DATA PROVIDED Block Start
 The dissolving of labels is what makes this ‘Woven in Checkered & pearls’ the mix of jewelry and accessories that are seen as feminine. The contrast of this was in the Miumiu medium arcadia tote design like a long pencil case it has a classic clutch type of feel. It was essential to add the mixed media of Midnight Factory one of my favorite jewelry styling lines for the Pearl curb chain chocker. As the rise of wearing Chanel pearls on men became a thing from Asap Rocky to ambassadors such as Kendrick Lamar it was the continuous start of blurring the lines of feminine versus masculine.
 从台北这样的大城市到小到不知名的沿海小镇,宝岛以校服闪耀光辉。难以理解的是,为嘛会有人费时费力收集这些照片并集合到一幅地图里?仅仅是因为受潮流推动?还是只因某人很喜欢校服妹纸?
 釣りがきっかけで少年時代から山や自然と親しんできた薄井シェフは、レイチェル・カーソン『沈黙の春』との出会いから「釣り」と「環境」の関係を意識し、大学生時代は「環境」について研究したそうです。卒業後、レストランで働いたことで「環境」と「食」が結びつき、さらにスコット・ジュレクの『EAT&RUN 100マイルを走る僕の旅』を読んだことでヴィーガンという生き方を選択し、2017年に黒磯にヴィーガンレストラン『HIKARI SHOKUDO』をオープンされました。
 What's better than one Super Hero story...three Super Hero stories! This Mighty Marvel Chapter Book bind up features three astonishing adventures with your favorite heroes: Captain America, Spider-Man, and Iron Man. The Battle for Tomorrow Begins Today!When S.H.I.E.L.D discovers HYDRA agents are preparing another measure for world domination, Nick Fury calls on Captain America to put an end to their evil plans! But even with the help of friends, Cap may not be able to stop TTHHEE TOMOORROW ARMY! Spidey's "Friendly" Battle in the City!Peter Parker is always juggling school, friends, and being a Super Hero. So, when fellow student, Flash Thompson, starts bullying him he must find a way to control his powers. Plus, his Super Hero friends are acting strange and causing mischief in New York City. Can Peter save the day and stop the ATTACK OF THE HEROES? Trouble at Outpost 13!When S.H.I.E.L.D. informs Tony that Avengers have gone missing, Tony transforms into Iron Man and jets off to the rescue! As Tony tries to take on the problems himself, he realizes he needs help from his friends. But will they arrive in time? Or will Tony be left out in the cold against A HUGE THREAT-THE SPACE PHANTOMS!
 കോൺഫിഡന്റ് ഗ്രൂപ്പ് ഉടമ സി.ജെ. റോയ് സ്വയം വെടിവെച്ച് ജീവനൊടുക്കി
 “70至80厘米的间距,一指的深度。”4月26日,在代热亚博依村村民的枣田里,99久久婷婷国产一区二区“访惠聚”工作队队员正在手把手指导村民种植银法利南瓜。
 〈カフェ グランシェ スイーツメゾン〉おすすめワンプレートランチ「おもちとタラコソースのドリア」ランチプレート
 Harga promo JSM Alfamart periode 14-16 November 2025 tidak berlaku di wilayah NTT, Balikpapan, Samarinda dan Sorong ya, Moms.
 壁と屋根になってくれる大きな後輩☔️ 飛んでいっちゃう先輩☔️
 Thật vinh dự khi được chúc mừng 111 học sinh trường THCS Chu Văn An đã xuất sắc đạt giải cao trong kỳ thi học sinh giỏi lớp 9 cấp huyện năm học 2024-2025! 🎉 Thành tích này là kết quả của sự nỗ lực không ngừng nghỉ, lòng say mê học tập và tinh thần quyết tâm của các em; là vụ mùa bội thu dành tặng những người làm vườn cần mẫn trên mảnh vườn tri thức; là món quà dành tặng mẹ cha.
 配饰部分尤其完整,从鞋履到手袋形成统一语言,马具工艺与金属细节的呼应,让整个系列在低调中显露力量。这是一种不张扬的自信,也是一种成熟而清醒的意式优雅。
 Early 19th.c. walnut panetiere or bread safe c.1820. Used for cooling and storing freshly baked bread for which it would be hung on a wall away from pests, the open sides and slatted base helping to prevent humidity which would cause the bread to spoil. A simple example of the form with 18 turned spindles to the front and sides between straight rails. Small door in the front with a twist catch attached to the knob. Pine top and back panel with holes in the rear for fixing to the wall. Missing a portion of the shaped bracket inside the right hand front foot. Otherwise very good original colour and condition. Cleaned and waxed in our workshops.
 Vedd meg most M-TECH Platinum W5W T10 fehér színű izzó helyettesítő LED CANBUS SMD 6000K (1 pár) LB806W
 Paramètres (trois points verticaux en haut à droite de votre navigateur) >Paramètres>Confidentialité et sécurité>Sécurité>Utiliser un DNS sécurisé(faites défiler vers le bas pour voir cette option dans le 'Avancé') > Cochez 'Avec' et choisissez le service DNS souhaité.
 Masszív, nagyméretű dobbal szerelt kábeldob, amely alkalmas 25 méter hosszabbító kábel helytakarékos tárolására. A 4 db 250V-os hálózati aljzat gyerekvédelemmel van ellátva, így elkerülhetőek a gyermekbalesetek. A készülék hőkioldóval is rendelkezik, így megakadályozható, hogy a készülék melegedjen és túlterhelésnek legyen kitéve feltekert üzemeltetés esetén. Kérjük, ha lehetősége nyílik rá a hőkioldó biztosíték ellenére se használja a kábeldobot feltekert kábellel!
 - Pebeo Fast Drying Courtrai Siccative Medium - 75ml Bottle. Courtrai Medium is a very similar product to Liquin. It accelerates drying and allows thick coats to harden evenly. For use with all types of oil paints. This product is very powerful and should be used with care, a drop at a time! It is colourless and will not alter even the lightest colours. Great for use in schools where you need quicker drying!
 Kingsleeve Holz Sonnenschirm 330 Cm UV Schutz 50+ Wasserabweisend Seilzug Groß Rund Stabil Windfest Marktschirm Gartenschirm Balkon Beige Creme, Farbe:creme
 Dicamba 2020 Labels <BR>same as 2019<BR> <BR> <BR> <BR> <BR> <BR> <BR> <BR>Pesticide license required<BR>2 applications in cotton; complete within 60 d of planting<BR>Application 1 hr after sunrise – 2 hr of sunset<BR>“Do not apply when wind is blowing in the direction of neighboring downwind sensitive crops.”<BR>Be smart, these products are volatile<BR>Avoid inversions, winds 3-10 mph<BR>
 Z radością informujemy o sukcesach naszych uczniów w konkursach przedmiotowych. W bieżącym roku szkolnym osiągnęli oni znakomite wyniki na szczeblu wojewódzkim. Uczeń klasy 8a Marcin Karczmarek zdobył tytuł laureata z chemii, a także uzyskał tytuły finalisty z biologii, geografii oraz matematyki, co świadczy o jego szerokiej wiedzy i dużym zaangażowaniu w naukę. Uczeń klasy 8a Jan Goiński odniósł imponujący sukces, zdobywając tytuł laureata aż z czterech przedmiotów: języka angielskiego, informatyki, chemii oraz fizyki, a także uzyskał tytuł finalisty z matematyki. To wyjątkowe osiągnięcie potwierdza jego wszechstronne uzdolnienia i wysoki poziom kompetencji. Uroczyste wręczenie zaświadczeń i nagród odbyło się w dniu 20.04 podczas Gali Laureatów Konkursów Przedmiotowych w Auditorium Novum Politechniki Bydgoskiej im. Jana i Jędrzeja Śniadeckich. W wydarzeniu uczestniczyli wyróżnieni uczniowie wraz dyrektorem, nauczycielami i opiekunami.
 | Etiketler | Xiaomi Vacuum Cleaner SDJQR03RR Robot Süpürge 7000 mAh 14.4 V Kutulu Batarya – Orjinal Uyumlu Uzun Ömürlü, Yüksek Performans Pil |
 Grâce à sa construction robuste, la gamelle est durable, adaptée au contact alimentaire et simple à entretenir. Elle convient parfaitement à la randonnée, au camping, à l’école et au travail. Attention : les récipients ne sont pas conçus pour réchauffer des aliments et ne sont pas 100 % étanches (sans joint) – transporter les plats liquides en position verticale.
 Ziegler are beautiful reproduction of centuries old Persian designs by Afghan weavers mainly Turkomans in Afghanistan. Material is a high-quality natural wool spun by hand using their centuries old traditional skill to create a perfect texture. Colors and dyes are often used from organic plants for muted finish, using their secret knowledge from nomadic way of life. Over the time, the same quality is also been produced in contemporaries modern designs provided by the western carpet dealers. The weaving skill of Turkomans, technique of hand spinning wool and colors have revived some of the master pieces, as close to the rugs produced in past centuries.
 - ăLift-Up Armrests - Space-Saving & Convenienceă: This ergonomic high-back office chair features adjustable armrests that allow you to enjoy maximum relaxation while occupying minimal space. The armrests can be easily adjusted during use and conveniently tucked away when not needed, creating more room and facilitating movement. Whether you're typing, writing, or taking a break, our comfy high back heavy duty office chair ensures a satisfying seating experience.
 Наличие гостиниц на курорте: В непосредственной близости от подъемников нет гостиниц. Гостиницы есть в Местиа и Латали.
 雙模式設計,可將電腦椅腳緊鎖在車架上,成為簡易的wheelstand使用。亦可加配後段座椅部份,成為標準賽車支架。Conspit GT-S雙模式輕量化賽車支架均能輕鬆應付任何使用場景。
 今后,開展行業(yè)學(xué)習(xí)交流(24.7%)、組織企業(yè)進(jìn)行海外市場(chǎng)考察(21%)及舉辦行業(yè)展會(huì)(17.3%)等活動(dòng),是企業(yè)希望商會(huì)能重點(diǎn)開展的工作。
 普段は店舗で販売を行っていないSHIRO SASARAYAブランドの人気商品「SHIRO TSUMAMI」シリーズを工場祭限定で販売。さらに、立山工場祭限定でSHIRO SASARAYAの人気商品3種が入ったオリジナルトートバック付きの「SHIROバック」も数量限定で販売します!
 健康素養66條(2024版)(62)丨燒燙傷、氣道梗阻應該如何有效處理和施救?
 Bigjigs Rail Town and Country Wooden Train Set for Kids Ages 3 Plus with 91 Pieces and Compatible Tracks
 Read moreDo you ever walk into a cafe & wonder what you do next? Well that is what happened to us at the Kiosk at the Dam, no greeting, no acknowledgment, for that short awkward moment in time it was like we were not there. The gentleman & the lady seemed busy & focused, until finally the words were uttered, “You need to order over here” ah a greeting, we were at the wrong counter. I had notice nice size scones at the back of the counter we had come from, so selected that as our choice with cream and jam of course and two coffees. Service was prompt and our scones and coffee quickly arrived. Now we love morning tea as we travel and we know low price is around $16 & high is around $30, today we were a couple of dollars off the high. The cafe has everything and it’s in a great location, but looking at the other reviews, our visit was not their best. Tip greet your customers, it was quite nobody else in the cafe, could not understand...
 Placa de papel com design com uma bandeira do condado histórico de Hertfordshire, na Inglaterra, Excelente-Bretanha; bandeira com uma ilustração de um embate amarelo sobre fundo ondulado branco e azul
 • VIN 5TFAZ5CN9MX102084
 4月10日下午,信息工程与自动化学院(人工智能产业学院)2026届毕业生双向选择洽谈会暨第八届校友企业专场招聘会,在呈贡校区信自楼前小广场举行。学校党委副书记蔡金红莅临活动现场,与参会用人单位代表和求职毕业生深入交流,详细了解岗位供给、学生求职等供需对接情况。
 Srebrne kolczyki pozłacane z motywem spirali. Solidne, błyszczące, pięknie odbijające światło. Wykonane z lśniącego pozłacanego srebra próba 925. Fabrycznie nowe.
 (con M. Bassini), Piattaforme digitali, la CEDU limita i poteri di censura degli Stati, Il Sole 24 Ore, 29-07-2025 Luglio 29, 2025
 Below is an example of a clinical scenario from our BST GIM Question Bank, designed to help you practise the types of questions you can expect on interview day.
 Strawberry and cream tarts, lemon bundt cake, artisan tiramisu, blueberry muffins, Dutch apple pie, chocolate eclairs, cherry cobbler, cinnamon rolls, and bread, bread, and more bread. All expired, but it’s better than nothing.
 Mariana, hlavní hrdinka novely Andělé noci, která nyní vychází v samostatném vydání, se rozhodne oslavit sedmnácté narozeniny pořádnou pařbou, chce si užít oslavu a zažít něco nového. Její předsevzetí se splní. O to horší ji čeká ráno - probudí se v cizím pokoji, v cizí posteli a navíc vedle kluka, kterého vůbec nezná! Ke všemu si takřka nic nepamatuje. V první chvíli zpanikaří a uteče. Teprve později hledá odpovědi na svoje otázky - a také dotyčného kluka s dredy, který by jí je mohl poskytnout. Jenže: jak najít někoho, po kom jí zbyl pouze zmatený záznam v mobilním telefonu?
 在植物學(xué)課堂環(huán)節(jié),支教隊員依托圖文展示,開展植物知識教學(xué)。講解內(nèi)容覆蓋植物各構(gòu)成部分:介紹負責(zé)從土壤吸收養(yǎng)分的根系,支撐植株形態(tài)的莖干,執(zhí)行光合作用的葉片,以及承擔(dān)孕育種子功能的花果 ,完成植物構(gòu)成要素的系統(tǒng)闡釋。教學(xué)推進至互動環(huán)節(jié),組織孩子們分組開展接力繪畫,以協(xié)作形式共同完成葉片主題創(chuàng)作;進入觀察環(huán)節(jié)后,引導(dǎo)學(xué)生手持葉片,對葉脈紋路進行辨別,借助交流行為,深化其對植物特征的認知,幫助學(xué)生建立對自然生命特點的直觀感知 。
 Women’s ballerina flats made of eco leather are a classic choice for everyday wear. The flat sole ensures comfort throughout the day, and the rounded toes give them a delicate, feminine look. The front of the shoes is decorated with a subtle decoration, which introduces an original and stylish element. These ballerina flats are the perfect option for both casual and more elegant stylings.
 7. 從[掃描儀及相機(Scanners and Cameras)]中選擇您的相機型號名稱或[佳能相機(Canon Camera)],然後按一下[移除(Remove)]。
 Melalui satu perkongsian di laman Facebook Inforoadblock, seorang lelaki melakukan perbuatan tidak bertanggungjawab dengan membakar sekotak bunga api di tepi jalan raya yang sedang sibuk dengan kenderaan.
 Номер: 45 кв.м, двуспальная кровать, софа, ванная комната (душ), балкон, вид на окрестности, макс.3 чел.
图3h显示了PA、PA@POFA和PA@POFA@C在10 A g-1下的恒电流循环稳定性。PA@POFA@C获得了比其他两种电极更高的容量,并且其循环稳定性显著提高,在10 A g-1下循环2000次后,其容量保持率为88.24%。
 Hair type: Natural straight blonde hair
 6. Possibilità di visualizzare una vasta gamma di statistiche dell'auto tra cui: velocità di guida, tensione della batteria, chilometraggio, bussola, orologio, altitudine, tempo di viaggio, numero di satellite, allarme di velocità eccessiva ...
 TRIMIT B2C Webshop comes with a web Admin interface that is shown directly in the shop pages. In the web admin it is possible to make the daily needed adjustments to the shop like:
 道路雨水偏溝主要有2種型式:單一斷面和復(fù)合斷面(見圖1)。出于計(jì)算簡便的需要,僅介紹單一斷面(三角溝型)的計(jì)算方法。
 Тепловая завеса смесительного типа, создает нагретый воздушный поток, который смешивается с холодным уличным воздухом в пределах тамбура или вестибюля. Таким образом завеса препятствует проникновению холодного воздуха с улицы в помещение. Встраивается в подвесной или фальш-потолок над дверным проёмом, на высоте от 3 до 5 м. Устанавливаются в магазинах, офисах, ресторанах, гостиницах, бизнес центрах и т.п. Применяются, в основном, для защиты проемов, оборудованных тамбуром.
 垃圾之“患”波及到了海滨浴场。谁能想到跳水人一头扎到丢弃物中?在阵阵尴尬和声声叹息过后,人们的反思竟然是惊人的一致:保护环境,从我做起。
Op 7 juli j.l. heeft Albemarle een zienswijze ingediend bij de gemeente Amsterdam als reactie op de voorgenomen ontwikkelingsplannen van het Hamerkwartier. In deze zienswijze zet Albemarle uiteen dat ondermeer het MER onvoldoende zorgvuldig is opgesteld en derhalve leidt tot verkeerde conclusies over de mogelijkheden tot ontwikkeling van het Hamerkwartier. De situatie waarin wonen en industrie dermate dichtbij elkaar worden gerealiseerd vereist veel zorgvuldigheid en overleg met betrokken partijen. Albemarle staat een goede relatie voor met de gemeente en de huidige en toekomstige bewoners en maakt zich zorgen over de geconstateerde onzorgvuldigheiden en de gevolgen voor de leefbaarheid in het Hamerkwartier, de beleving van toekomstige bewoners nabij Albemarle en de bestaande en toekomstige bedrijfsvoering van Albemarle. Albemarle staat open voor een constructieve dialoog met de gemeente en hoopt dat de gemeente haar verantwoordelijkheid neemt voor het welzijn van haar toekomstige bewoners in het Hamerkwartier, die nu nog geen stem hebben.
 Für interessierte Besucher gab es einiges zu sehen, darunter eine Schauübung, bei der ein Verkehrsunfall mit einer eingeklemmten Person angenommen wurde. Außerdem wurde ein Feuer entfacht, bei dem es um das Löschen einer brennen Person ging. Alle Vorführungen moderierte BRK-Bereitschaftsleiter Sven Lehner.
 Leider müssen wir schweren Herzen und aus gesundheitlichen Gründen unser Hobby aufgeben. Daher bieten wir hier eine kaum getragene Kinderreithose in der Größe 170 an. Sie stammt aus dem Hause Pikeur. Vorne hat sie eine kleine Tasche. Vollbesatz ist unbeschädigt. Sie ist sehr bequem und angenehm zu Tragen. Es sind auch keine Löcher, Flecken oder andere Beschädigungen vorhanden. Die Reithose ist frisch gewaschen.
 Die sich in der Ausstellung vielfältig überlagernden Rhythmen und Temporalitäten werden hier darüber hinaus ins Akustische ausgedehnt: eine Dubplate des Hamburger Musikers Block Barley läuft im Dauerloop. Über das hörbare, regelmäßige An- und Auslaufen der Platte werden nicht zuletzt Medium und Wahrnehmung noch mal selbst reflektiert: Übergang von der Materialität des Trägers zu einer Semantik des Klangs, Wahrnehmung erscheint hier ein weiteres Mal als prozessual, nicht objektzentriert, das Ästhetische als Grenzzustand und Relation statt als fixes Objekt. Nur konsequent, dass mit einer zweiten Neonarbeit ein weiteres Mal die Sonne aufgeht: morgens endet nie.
DATA PROVIDED Block End
EXERCISE:
Give an exact copy of the lines above from the line with "(con M. Bassini), Piattaforme" up to and including the line with "Strawberry and cream", and leave everything else out.

ANSWER TO THIS TASK:
 (con M. Bassini), Piattaforme digitali, la CEDU limita i poteri di censura degli Stati, Il Sole 24 Ore, 29-07-2025 Luglio 29, 2025
 Below is an example of a clinical scenario from our BST GIM Question Bank, designed to help you practise the types of questions you can expect on interview day.
 Strawberry and cream tarts, lemon bundt cake, artisan tiramisu, blueberry muffins, Dutch apple pie, chocolate eclairs, cherry cobbler, cinnamon rolls, and bread, bread, and more bread. All expired, but it’s better than nothing.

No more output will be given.